# What you need to do
Return the listing below unchanged, minus its pictures.

# Given data
★ ★ ★

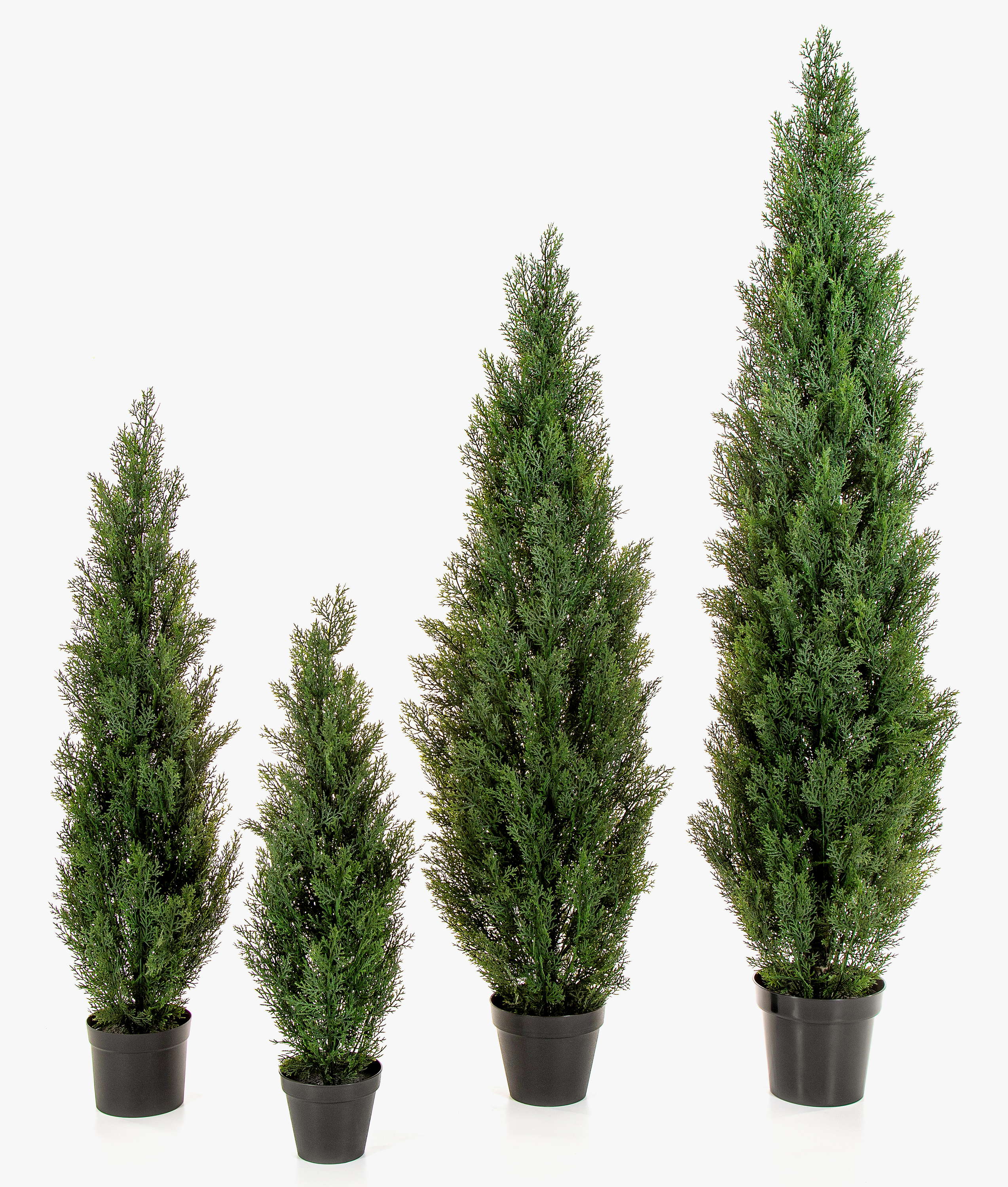 Fake cedar REVATI in colour green. This tree, which is often used as a hedge plant, will look particularly good indoors as a privacy screen.
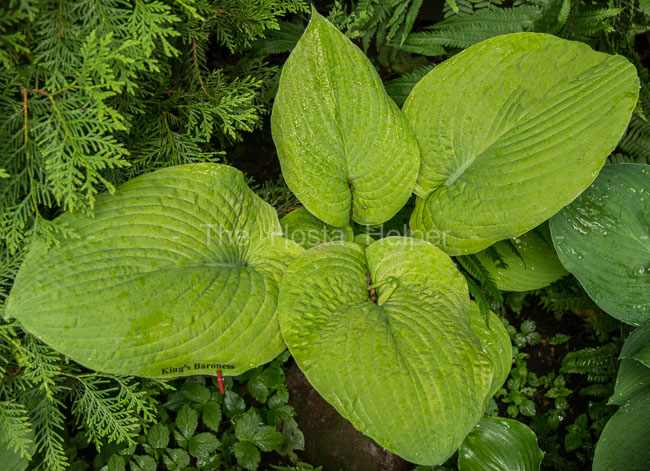 Originated by Herb and Gladys King of Wisconsin, this non-registered cultivar is of unidentified parentage. It is a large size hosta with slightly corrugated light yellow to chartreuse colored foliage.
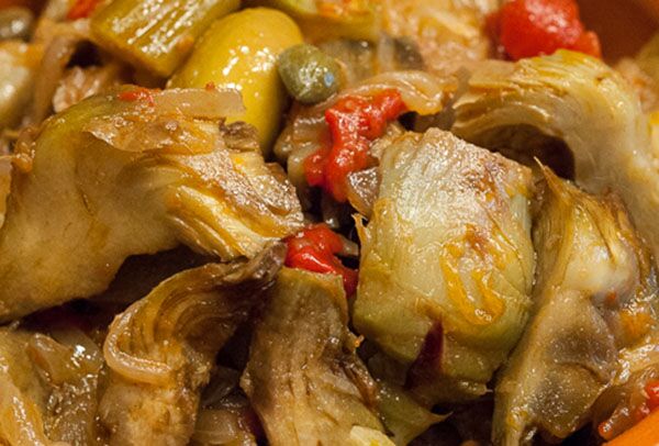 7/8 carciofi puliti e tagliati a spicchi (circa uno a persona)
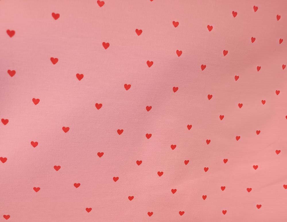 Blød bomulds jersey i klassisk lyserød med små røde hjerter.

★ ★ ★

# Your response
 Fake cedar REVATI in colour green. This tree, which is often used as a hedge plant, will look particularly good indoors as a privacy screen.
 Originated by Herb and Gladys King of Wisconsin, this non-registered cultivar is of unidentified parentage. It is a large size hosta with slightly corrugated light yellow to chartreuse colored foliage.
 7/8 carciofi puliti e tagliati a spicchi (circa uno a persona)
 Blød bomulds jersey i klassisk lyserød med små røde hjerter.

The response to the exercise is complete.